Akbar Was Wont, Upon Taking Any
Displeasure At One Of His Grandees, To Give Them Pills To Purge Their
Souls From Their Bodies, And Is Said To Have Come By His Death In The
Following Manner.
Intending to give one of these pills to a nobleman who
had incurred his displeasure, and meaning to take
At the same time a
cordial pill himself, while he was cajoling the destined victim with
flattering speeches, he, by mistake, took the poisoned pill himself, and
gave the cordial to the nobleman.

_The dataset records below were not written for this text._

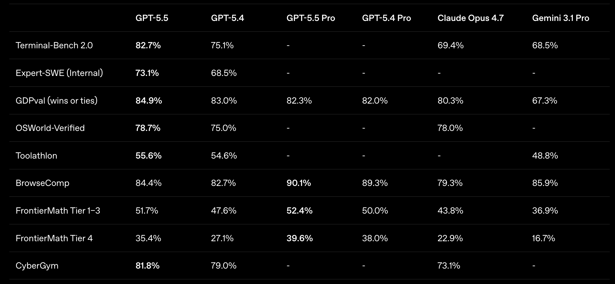 השוואת ביצועים רוחבית: GPT‑5.5 מוביל ברוב הקטגוריות, אך לא בכולן | OpenAI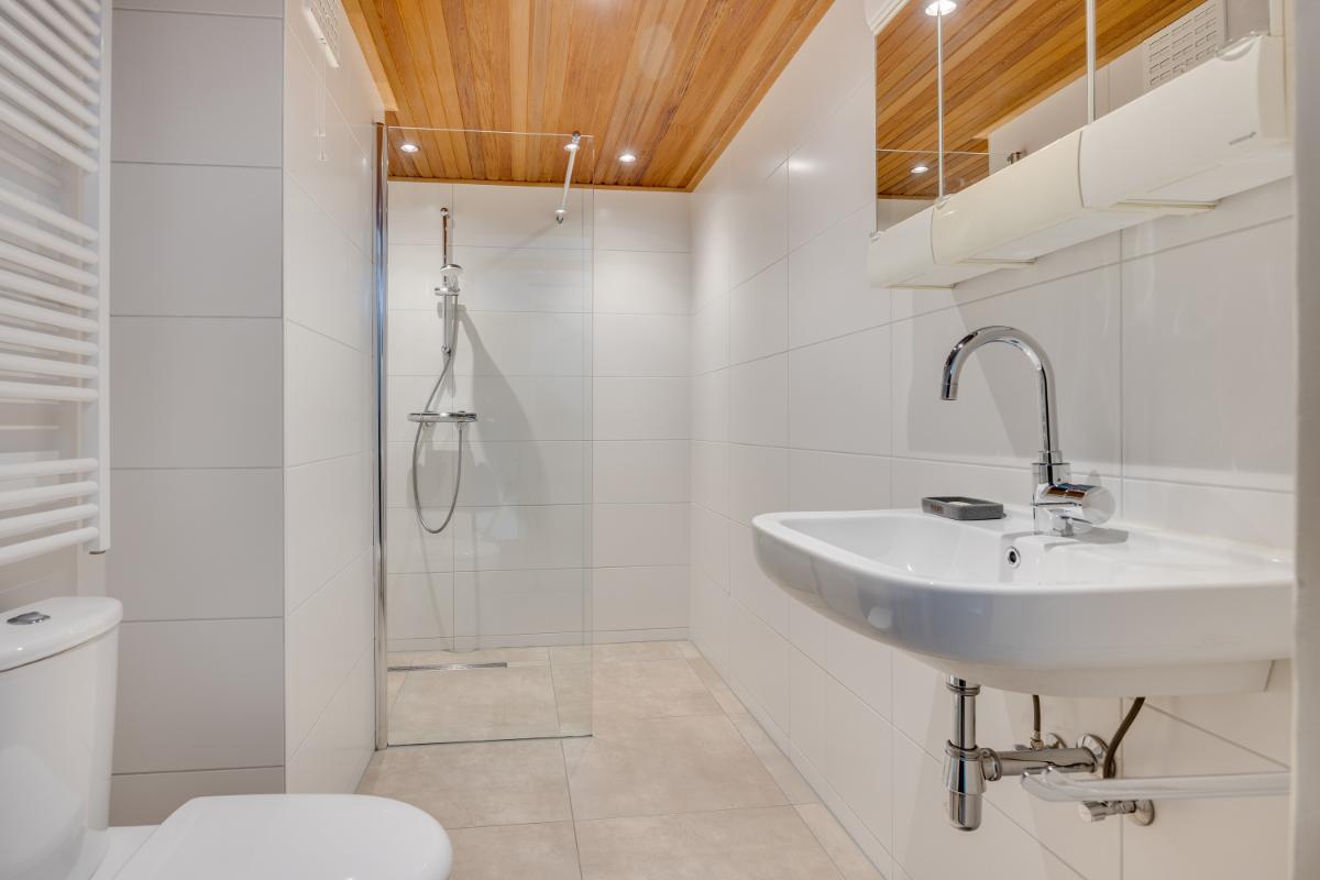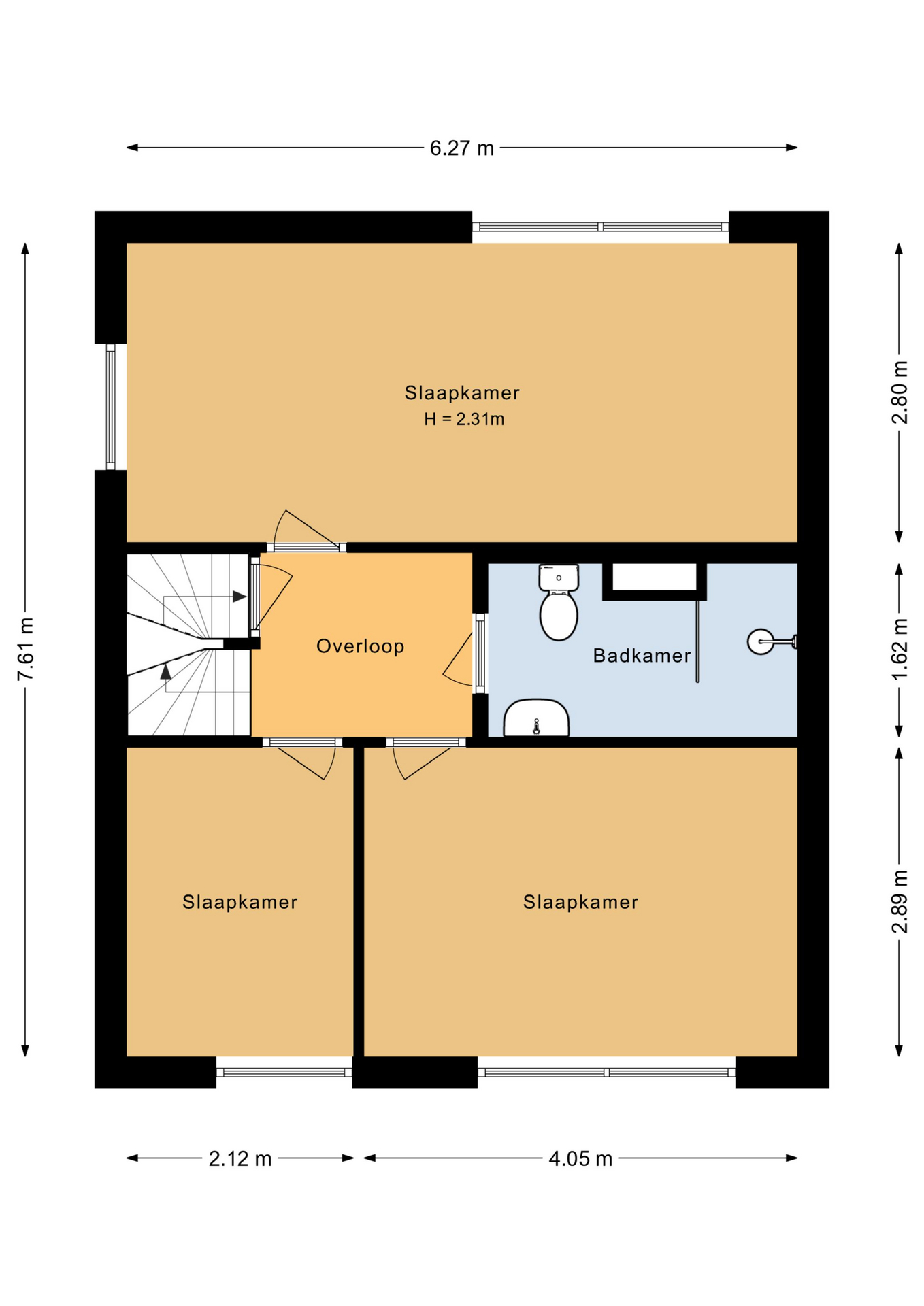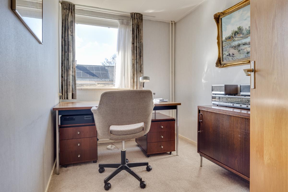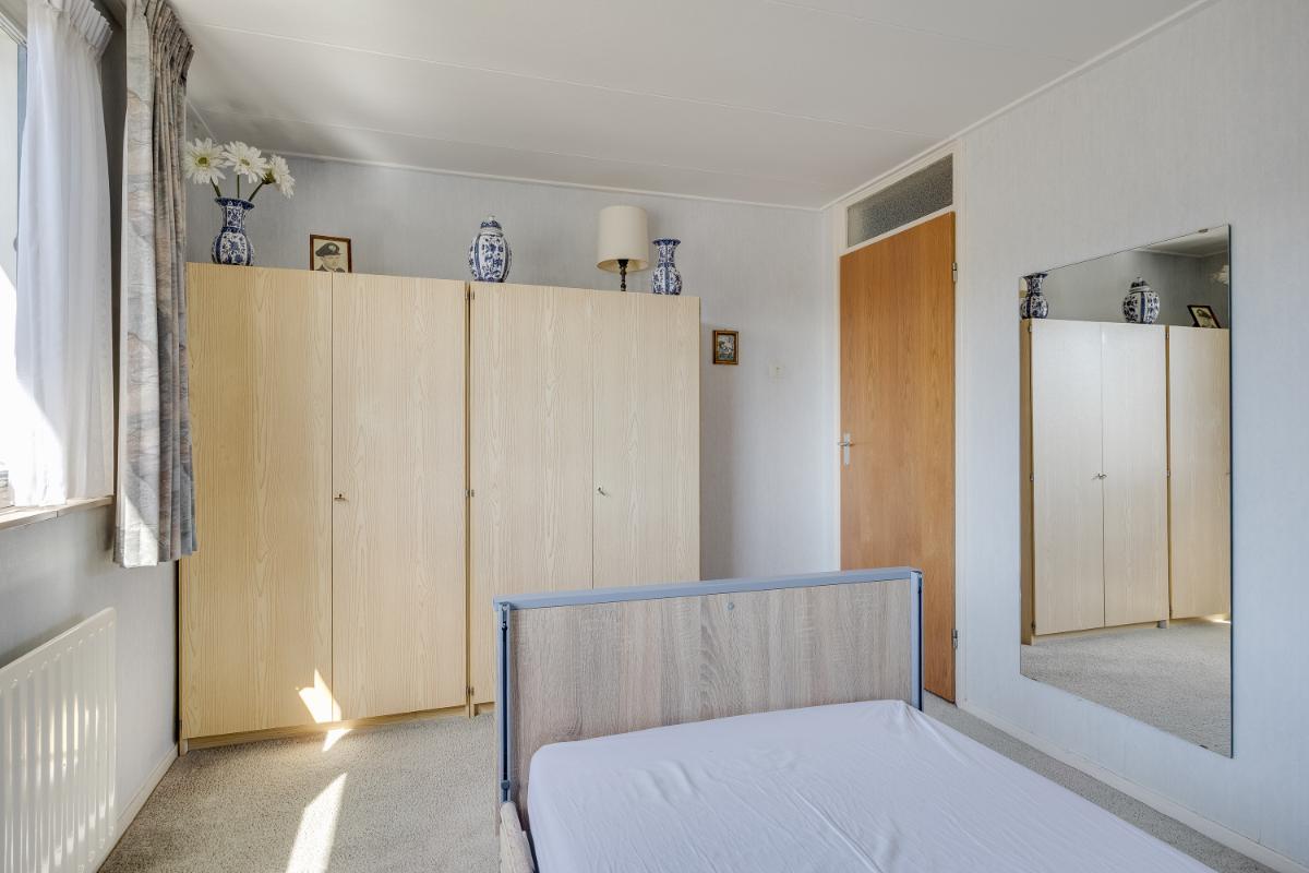 Terug in de woning betreed je via de trap de eerste verdieping waar zich drie slaapkamers en een badkamer bevinden. De achterste slaapkamer strekt over de hele breedte van het huis en is daardoor van groot formaat. Aan de voorzijde bevinden zich twee kleinere slaapkamers. De badkamer is in 2022 vernieuwd en heeft door het weghalen van twee inbouwkasten een net formaat. Deze is voorzien van inloopdouche, toilet en wastafel.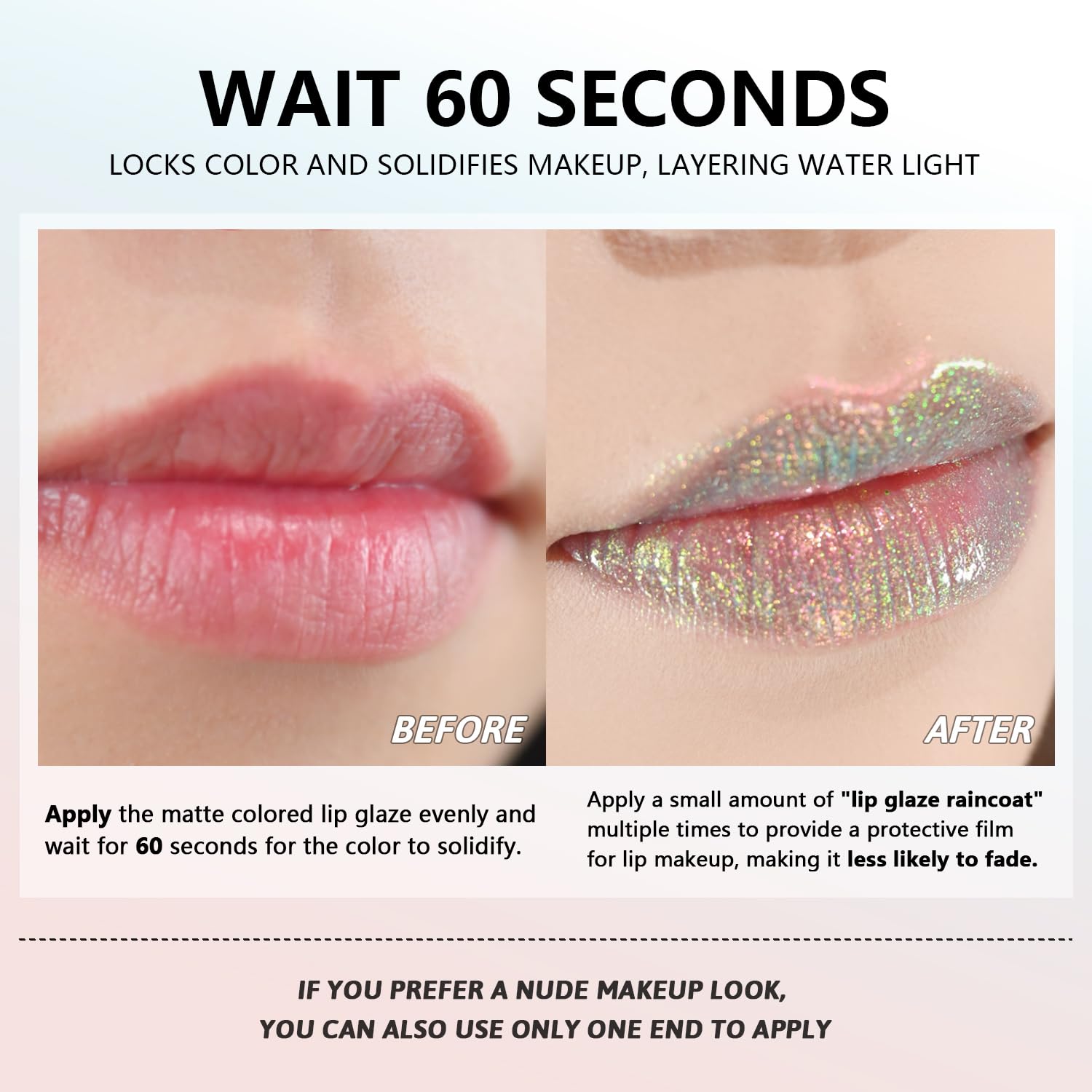 CHARMACY 2 In 1 Multichrome Moisturizing Lip Gloss, Double Head Liquid Lipstick, Mirror Waterproof Long Lasting No Fading Lip Balm, Hydrating Lip Plumper Waterlight Glossy Makeup #004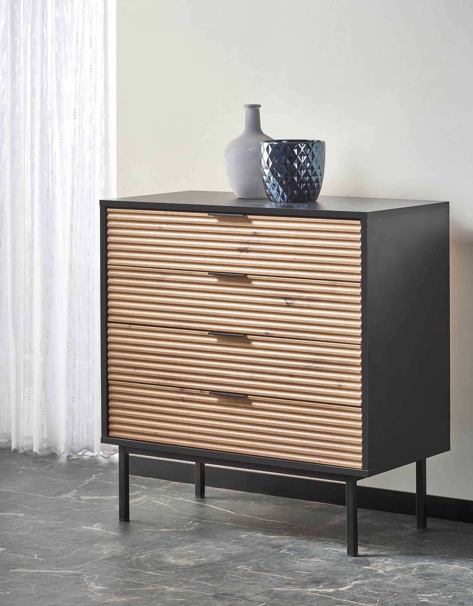 - Kolor: Komoda dostępna w eleganckim połączeniu dąbu artisan i czerni.

This carried him off in a few days, by
a mortal flux of blood.[244]
[Footnote 244: Neque enim lex justior ulla est, quam necis artifices
arte perire sua. - Purch.]
The character of Jehanguire, the reigning Mogul, seems strangely
compounded of opposite extremes. He is at times excessively cruel, and
at other times extremely mild. He is himself much given to excess in
wine, yet severely punishes that fault in others. His subjects know not
what it is to disobey his commands, forgetting the natural bonds of
private life, even those between father and son, in the fulfilment of
their public duty. He daily relieves numbers of the poor; and often, as
a mark of his filial piety, is in use to carry the palanquin of his
mother on his own shoulders. He speaks with much reverence of our
Saviour, but is offended by his cross and poverty, deeming them
incompatible with his divine Majesty, though told that his humility was
on purpose to subdue the pride of the world.